Bhopal verdict review a judicial compulsion: Apex court told

New Delhi, April 19 (IANS) The Supreme Court was Tuesday told that the Bhopal gas tragedy case fell in the rarest of rare category and the court must remove all obstacles so that the perpetrators of the disaster that left thousands dead and maimed get punishment in tune with their crime.

“To perpetuate errors (in judgment) is no virtue and to correct it is the compulsion of judicial conscience,” Attorney General G. Vahanvati told the apex court bench of Chief Justice S.H. Kapadia, Justice Altamas Kabir, Justice R.V. Raveendran, Justice B. Sudershan Reddy and Justice Aftab Alam.

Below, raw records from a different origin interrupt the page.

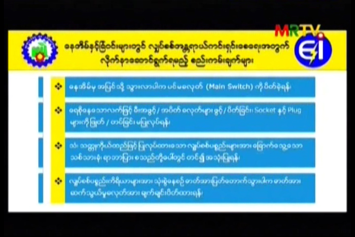နေအိမ်နှင့်ခြံဝန်းများတွင် လျှပ်စစ်အန္တရာယ်ကင်းရှင်းစေရေးအတွက် လိုက်နာဆောင်ရွက်ရမည့် စည်းကမ်းချက်များ Thursday, June 06, 2019 Thursday, June 06, 2019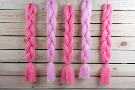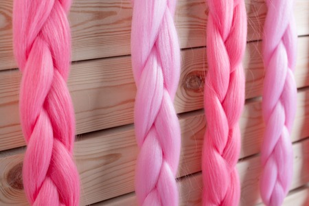 Kanekalon hangs on a wooden background of pink, fuchsia red in different shades similar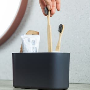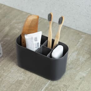 O Organizador de Bancada Bold proporciona organização para a bancada do banheiro ou penteadeira, facilitando sua rotina de beleza e higiene pessoal. Possui 6 compartimentos de diferentes tamanhos para maquiagens, cosméticos e produtos de skincare.
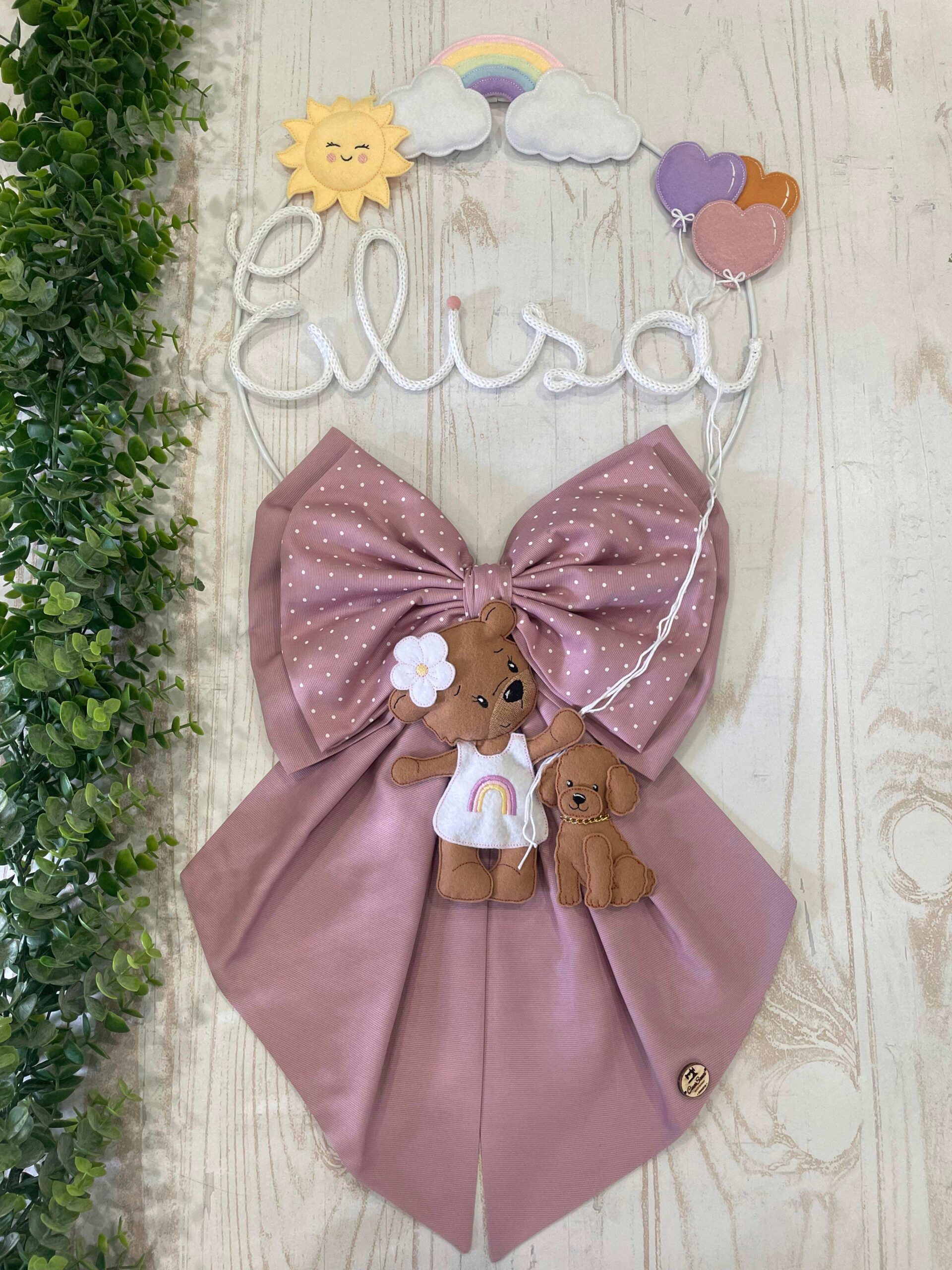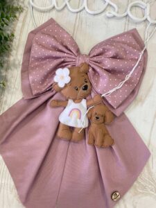 A completare la creazione, una tenera orsetta tridimensionale in pannolenci accompagnata da un dolce cagnolino, elementi che donano profondità e fascino al fiocco.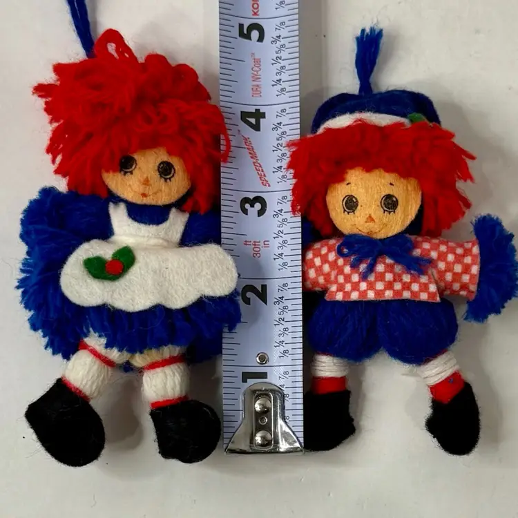Condition: Overall in good vintage condition, light discoloration on Raggedy Ann’s legs. Measurement: Approximately 4” T. The stand is not included. Please see pictures for condition and measurements as they are part of the description. NS9-2 Thank you for looking!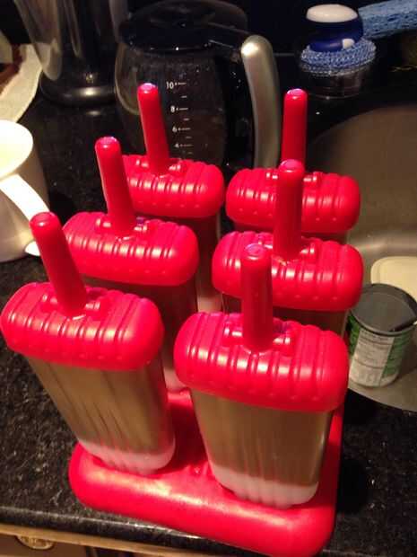 Si no tienes un molde de lujo como el mio y usas palitos real puede que desee tratar de jam ellos en su parte congelados crema tapas para que está parado para arriba.

When Chief Justice Kapadia asked if the judges had the power to set aside the verdict, Vahanvati said “to the extent obstacles are removed, they are enough for consideration”.

The court query came during the hearing of a curative petition of the central government that sought review of the apex court’s Sep 13, 1996 verdict in the case.

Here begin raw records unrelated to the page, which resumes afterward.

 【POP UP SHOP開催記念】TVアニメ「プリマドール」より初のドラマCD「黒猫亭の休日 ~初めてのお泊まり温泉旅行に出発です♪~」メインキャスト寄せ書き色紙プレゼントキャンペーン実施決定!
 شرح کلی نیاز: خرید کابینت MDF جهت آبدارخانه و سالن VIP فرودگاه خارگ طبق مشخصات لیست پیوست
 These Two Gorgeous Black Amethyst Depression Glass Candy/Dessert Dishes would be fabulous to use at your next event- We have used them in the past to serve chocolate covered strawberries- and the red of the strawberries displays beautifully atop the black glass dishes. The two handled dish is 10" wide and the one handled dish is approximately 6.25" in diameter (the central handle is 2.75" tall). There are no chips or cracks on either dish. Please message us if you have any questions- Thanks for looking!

By that verdict, the apex court had quashed the framing of charges against Keshub Mahindra and six other senior officials of Union Carbide India Ltd for committing culpable homicide not amounting to murder which attracted the maximum imprisonment of ten years.

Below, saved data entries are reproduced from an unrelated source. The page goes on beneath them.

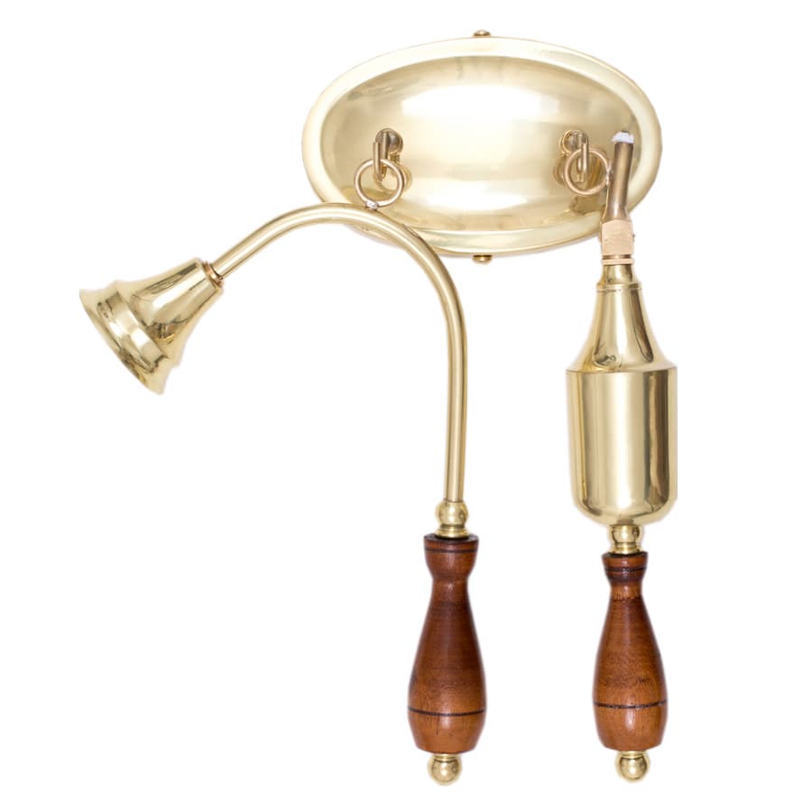 Dieses Set zum Anzünden und Löschen von Kerzen ist nicht nur praktisch, sondern auch eine ästhetische Ergänzung für jede Sakristei. Das Set umfasst einen Anzünder mit eingebautem Ölbehälter und einen Löscher, beide an einem eleganten Messinghaken befestigt. Dank präziser Verarbeitung vereint das Set Funktionalität mit raffinierter Ästhetik.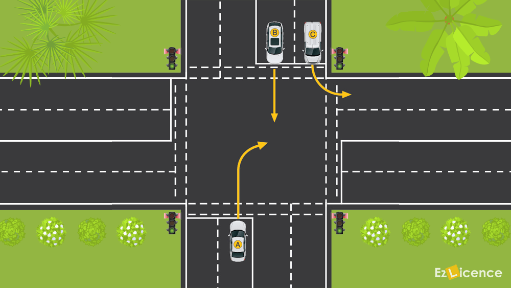 Car A wants to turn right at an intersection with green traffic lights. It should indicate and -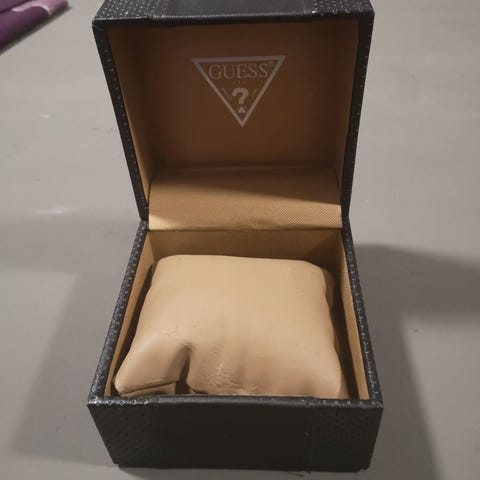 smyckesförvaring i form av en klocklåda. Lådan har svart utsida med ljus söm och fack med kuddar på insidan för förvaring av flera klockor eller armband. Ovansidan har ett fönster som gör innehållet synligt och lådan stängs med spänne framtill. Passar för organiserad förvaring av klockor och smycken i hemmet eller vid resa.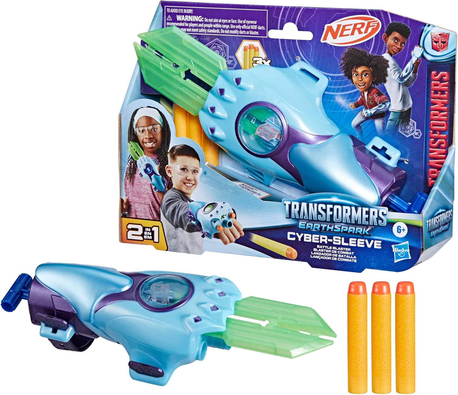 - WEARABLE 2-IN-1 BLASTER TOY: The awesome Transformers EarthSpark Cyber-Sleeve lets kids feel like part of the action, with a retractable Cyber-Sword and dart launcher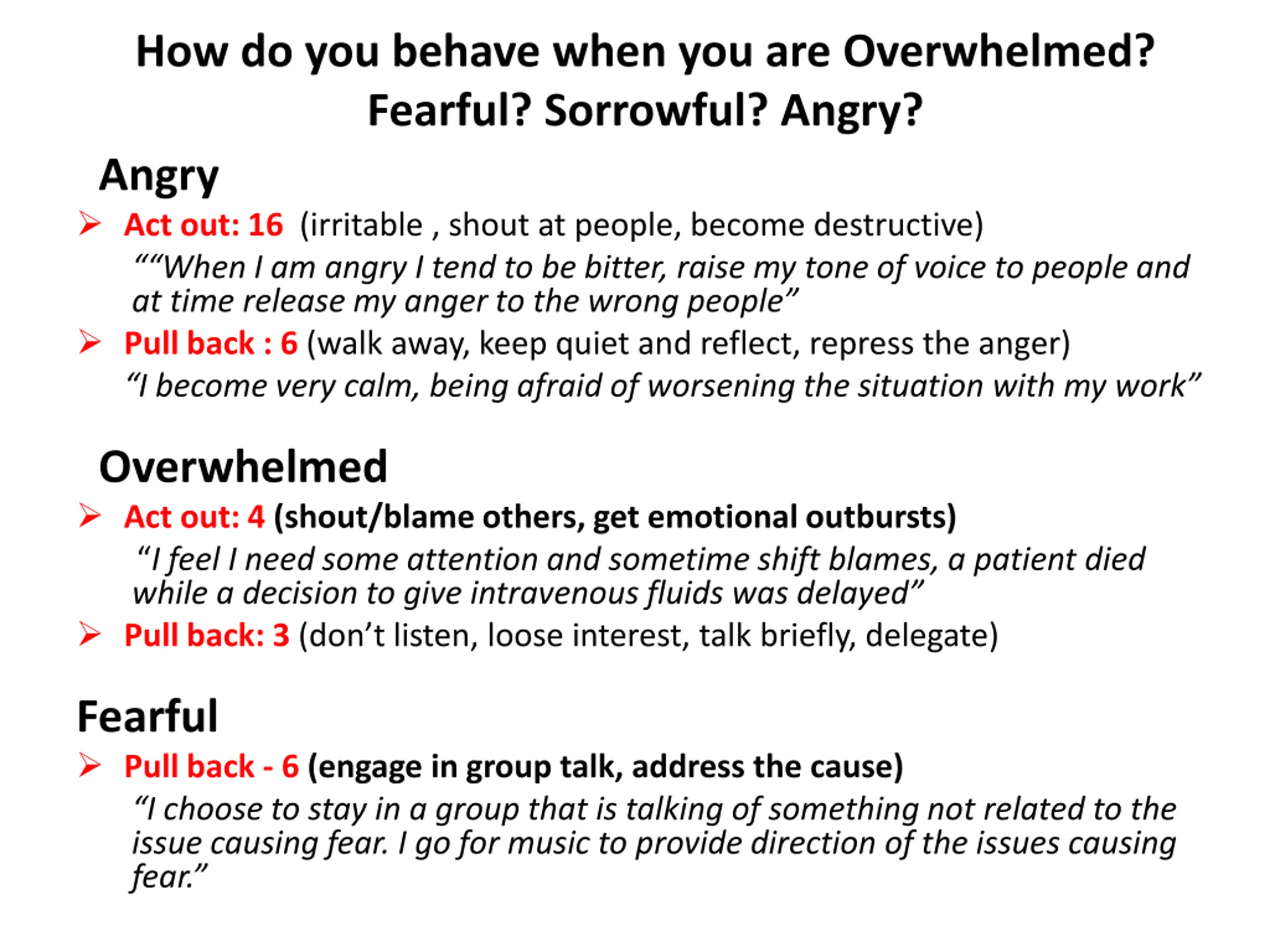 How do you behave when you are Overwhelmed? Fearful? Sorrowful? Angry? Angry Act out: 16 (irritable , shout at people, become destructive) When I am angry I tend to be bitter, raise my tone of voice to people and at time release my anger to the wrong people Pull back : 6 (walk away, keep quiet and reflect, repress the anger) I become very calm, being afraid of worsening the situation with my work Overwhelmed Act out: 4 (shout/blame others, get emotional outbursts) I feel I need some attention and sometime shift blames, a patient died while a decision to give intravenous fluids was delayed Pull back: 3 (don t listen, loose interest, talk briefly, delegate) Fearful Pull back - 6 (engage in group talk, address the cause) I choose to stay in a group that is talking of something not related to the issue causing fear. I go for music to provide direction of the issues causing fear.

The Central Bureau of Investigation (CBI) has moved the apex court by way of curative petition seeking enhancement of charges and prosecution of the accused for committing the offence of culpable homicide not amounting to murder.

The court is hearing arguments on the maintainability of the curative petition by the investigating agency.

Assailing the 1996 verdict that diluted the charges against Keshub Mahindra and six others, Vahanvati told the court that there was a “disconnect” between one paragraph of that judgment with another.

He said the impugned judgment referred to the charge sheet which noted that the accused knew the “defective functioning of the plant” and had the “knowledge that such running of the plant was likely to cause death”. However, when it came to reasoning that was completely missed out, the attorney general said.

Vahanvati pointed to the “discrepancy in the approach and the patent contradiction” when the impugned judgment came to the conclusion directing the trial of the accused for the offence of causing death due to negligence.

Appearing for Keshub Mahindra, senior counsel Harish Salve told the court that the curative petition was not maintainable as in 1996 the apex court had decided the issue on merits and it could not be revisited.

He said that if the court decides to set aside the impugned verdict, then the trial would take place de novo and would be time consuming. Salve would continue with his arguments on Wednesday.

Additional Solicitor General Vivek Tanka, who dealt with the trial court verdict, said if the trial had to be held afresh it should be on day to day basis so that any possibility of delay is removed.

The Union Carbide disaster, in which poisonous methyl isocyanate (MIC) gas leaked from the plant on the night of Dec 2-3, 1984, killed 3,000 people instantly and 25,000 over the years. It also affected about 100,000 people that night and estimates are that more than 500,000 continue to suffer from ill effects of the gas till date.